Primers specific for CHEK2 and PPP2R2A were designed to detect possible fusion transcripts (Table 1). Transcripts were amplified using initial denaturation for 5 minutes at 94°C; 30 cycles of 1 minute at 94°C, 1 minute at 60°C, and 1 minute at 72°C; and final extension for 10 minutes at 72°C. Amplified fragments were run on a 1.6% agarose gel stained with ethidium bromide, purified using a QIAquick gel extraction kit (Qiagen, Hilden, Germany), and directly sequenced with the dideoxy procedure using an ABI Prism BigDye terminator cycle sequencing ready reaction kit (Applied Biosystems, Foster City, CA) on the Applied Biosystems Model 3100-Avant DNA sequencing system. BLAST software (http://www.ncbi.nlm.nih.gov/blast) was used for the analysis of CHEK2 and PPP2R2A sequence data.
Table 1.
Primers for RT-PCR and Direct Sequencing.
| Primer | Sequence |
| PPP2R2A-242F | GTCTCCGCTTCCTGAACTCACCC |
| PPP2R2A-286F | CCATGTTGCGCTGCAAATGGT |
| CHEK2-294R | TCCTCAGGTTCTTGGTCCTCAGGA |
| CHEK2-473R | GGTGCCTCACACCTCTTATCCCAG |
| CHEK2-686R | ACAAAGGTTCCATTGCCACTGTGAT |
| CHEK2-982R | AGAGCTGGGTCTGCCTCTCTTGC |
| CHEK2-906R | CATGTTTTCCTCTCGAAAGCCAGC |
Screening for Additional CHEK2 and PPP2R2A Mutations
To search for additional CHEK2 mutations, PCR amplifications of exons 4 to 9 were performed using 160 ng of genomic DNA as template in a volume of 50 µl containing 1x PCR buffer, 0.8 mM dNTP, 1.25 mM MgCl2, 0.5 µM of each forward primer and reverse primer, and 1 U of Platinum Taq DNA polymerase (Invitrogen). The annealing temperature for exons 4 to 9 was 58°C. PCR reactions were carried out on a PCT-200 DNA Engine (MJ Research) with initial denaturation for 5 minutes at 94°C; 30 cycles of 1 minute at 94°C, 1 minute at 58°C, and 1 minute at 72°C; and final extension for 5 minutes at 72°C and for 2 minutes at 26°C. Amplified fragments were run on a 1.6% agarose gel stained with ethidium bromide, purified using the QIAquick gel extraction kit (Qiagen), and sequenced as described above.

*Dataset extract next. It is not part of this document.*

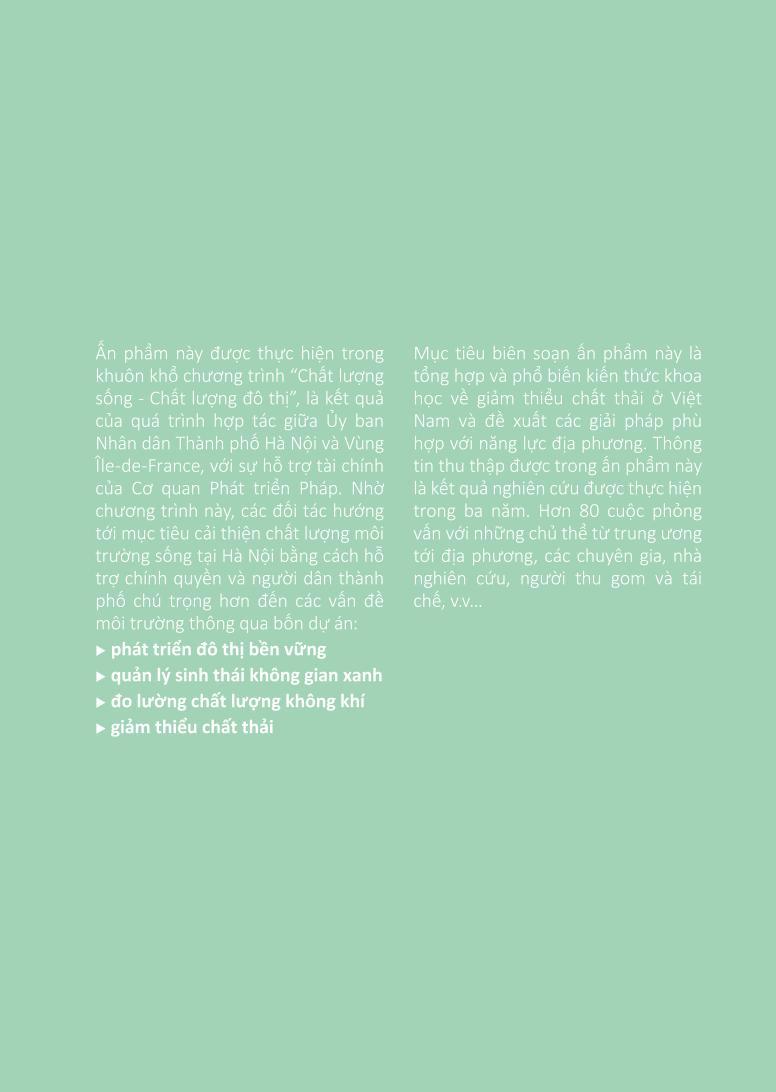 Mục tiêu của cuốn sách này là cải thiện việc sản xuất và phổ biến kiến thức khoa học về giảm thiểu chất thải ở Việt Nam và đề xuất các giải pháp phù hợp với kỹ năng của cộng đồng địa phương Việt Nam. Thông tin thu thập được trong ấn phẩm này là kết quả của công việc nghiên cứu được thực hiện trong ba năm. Hơn tám mươi cuộc phỏng vấn với các tác nhân chính đã được thực hiện: các tác nhân công ở cấp trung ương và địa phương, các nhà chuyên môn, nhà nghiên cứu, người thu gom, người tái chế,

For the analysis of exons 10 to 14, the methods described by Sodha et al. [9] were used. Long-range PCR across exons 10 to 14 of CHEK2 was performed, and the product was used to individually amplify exons 10 to 14.

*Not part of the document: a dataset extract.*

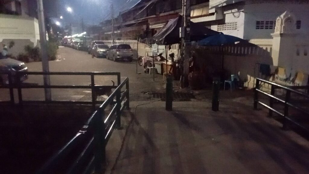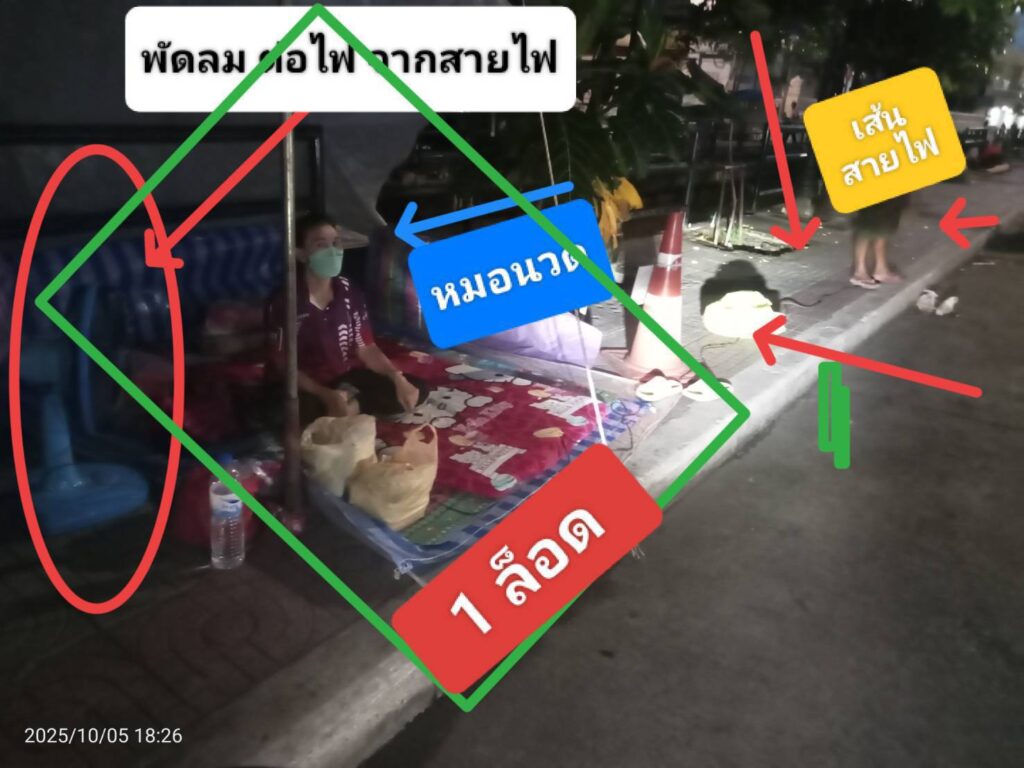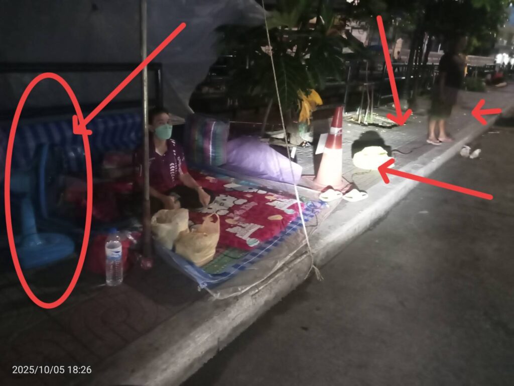 หมอนวดเช่า โดยมีการกั้นแบ่งบนทางเดินบนบาทวิถีทำเป็นล็อคๆ ลากสายไฟมาต่อ เสียค่าเช่า

To search for PPP2R2A mutations, exons 1 to 10 were amplified by PCR and sequenced as described above. Primers for the sequencing of CHEK2 and PPP2R2A are available at request.

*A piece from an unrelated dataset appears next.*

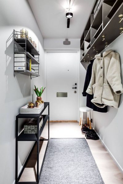 Vì diện tích khiêm tốn nên mọi góc nhỏ của căn hộ đều được tận dụng tối đa. Bên dưới giá để đồ chủ nhà còn tạo những móc treo quần áo thuận tiện.

The BLAST software (http://www.ncbi.nlm.nih.gov/blast) was used for the mutational analysis of CHEK2 and PPP2R2A.
Results
FISH Characterization of Breakpoints in 8p21 and 22q12
All metaphase cells harvested from passages 2 and 4 carried t(8;22) (Figure 1A). With the use of probes for the EWSR1 (22q12.2) and BCR genes (22q11.23), the chromosomal breakpoint in chromosome 22 was narrowed down to the 6-Mb region between these two loci. Subsequently, 16 BAC clones within this region were selected for further FISH, and the hybridization of one of these clones (i.e., RP11-444G7, covering the CHEK2 locus) showed split signals (Figure 1B). The breakpoint in chromosome 8 was then investigated by the use of 16 BAC clones spanning 8p12-p21. The hybridization of probe RP11-795G8 (containing the PPP2R2A locus) resulted in split signals (Figure 1C).
Figure 1.
(A) Partialkaryogram showing a reciprocal translocation t(8;22)(p21; q12). Arrows indicate breakpoints. (B) Metaphase cell hybridized with the BAC probe RP11-444G7 (covering the CHEK2 locus; green signals). Arrows indicate split signals on derivative chromosomes 8 and 22. (C) Metaphase cell hybridized with BAC probes RP11-795G8 (covering the PPP2R2A locus; green signals) and RP11-426J12 (mapping to the centromeric side of the breakpoint on chromosome 8; red signal). Arrows indicate split signals for RP11-795G8 on the derivative chromosomes 8 and 22.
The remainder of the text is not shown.